Plugs 14 and jacks 13 are omitted in FIG. 3. As shown in the drawing, power source terminals R of the respective microphones 1a to 1d are connected to drains D of FETs 12, each of which serves as an impedance converter, of the respective microphones 1a to 1d and then to the power source Vcc. Ground terminals S are connected to diaphragms of the respective microphones 1a to 1d through resistors R1a, R1b, R1c, and R1d, respectively. Signal terminals T, which are signal output terminals of the respective microphones 1a to 1d, are each connected to the diaphragm of the subsequent microphone 1. Thus, the respective microphones 1a to 1d are connected in parallel with respect to the power source and in series with respect to the audio signals. In FIG. 3, resistors R2a, R2b, R2c, and R2d are connected between sources of the FETs of the respective microphones 1a to 1d and the ground.

The FET 12, which is a drain-grounded circuit, has an amplification of substantially 1. Thus, even if audio signals output from the plurality of microphones 1 are connected in series, the signals are not amplified excessively and are output according to the input from the microphone units 11 of the respective microphones 1. The microphone apparatus according to the present invention can thus add signals input from the plurality of microphones into single signals for output without fluctuation in the level regardless of addition of the signals.

As described above, the microphone apparatus according to the present invention does not require a current mirror circuit or an output transformer in the output circuit.
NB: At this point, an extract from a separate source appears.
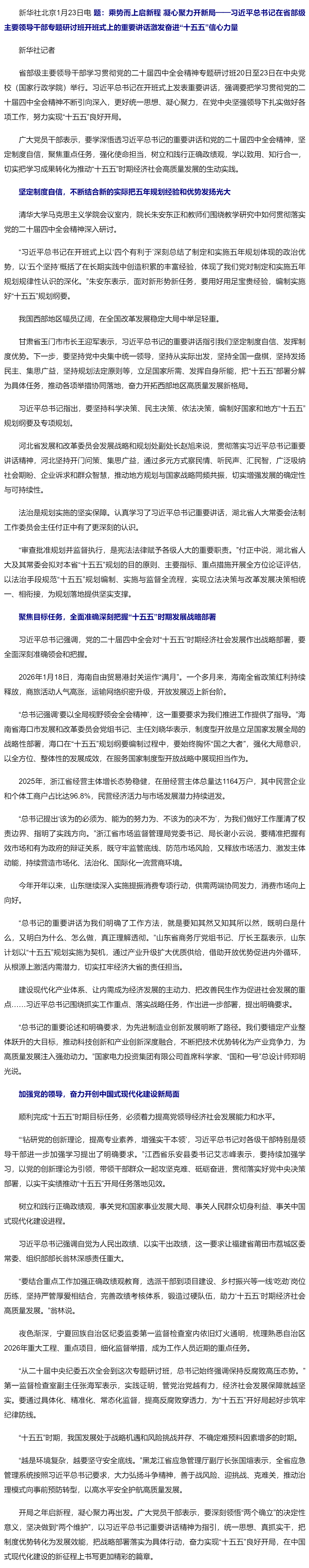 乘勢而上啟新程 凝心聚力開新局——習(xí)近平總書記在省部級主要領(lǐng)導(dǎo)干部專題研討班開班式上的重要講話激發(fā)奮進“十五五”信心力量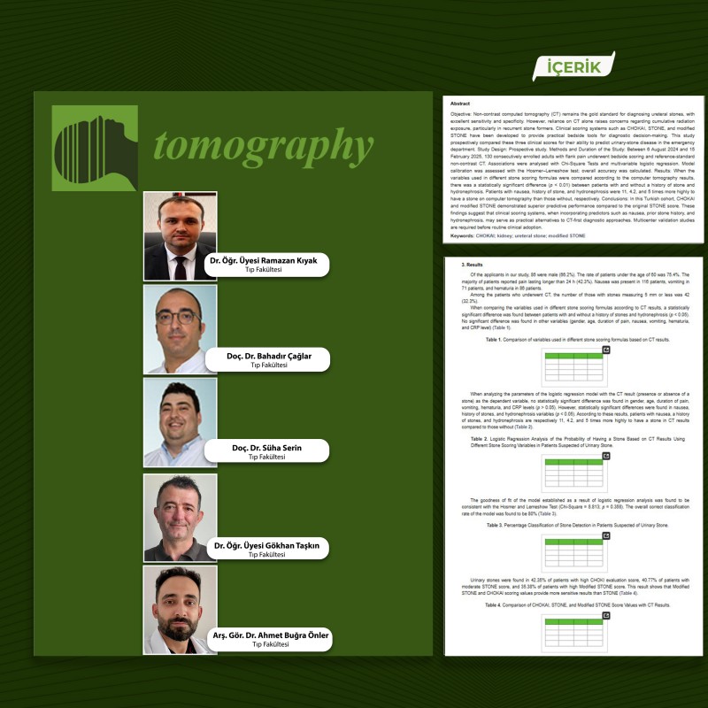 BAÜN akademisyenlerinden Dr. Öğr. Üyesi Ramazan Kıyak, Dr. Öğr. Üyesi Meliha Fındık, Doç. Dr. Bahadır Çağlar, Doç. Dr. Süha Serin, Dr. Öğr. Üyesi Gökhan Taşkın ve Arş. Gör. Dr. Ahmet Buğra Önler tarafından ortaya koyulan “Can Clinical Scores Reduce CT Use in Renal Colic? A Head-to-Head Comparison” başlıklı çalışma, uluslararası dergi sıralamalarında en üst dilim olan Q2 ölçeğindeki “Tomography” dergisinde yayımlandı.

With the source follower configuration, the microphone apparatus has low AC impedance and audio signals are less susceptible to external noise.

The microphone apparatus having microphones connected in parallel according to the present invention is applicable, for example, to a microphone apparatus in a conference room and a security system used along with a security camera.

Claims

1. A microphone comprising:

a microphone unit comprising a diaphragm, a fixed electrode and a FET as an impedance converter;

a plug outputting audio signals output from the microphone unit; and

a jack into which audio signals inputted in the microphone unit are inputted, wherein

the microphone is connectable to an other microphone that is different from the microphone,

one of the diaphragm and the fixed electrode is comprised of an electret member,

the jack is connectable to a plug of the other microphone, and

while the plug of the other microphone is inserted in the jack the audio signals output from a microphone unit of the other microphone are added to the audio signals output from the microphone unit and are output.

2. The microphone according to claim 1, wherein

while the plug of the other microphone is not inserted in the jack of the microphone, the jack is grounded, and

while the plug of the other microphone is inserted in the jack of the microphone, the signal terminal of the jack and a signal terminal of the plug are connected.

3. The microphone according to claim 2, wherein the plug and the jack each include a signal terminal, a power source terminal, and a ground terminal.

4. A microphone apparatus comprising a plurality of nose-to-tail connected microphones according to claim 1.

5. A microphone apparatus comprising:

a microphone unit comprising a diaphragm, a fixed electrode and a FET as an impedance converter;

a plug outputting audio signals output from the microphone unit; and

a jack into which audio signals inputted in the microphone unit are inputted, wherein

while the plug of an other microphone is inserted in the jack of the microphone, a signal line of the diaphragm of the microphone unit and the plug of the other microphone are electrically connected and the audio signals output from the other microphone are added to the audio signals output from the microphone and are output.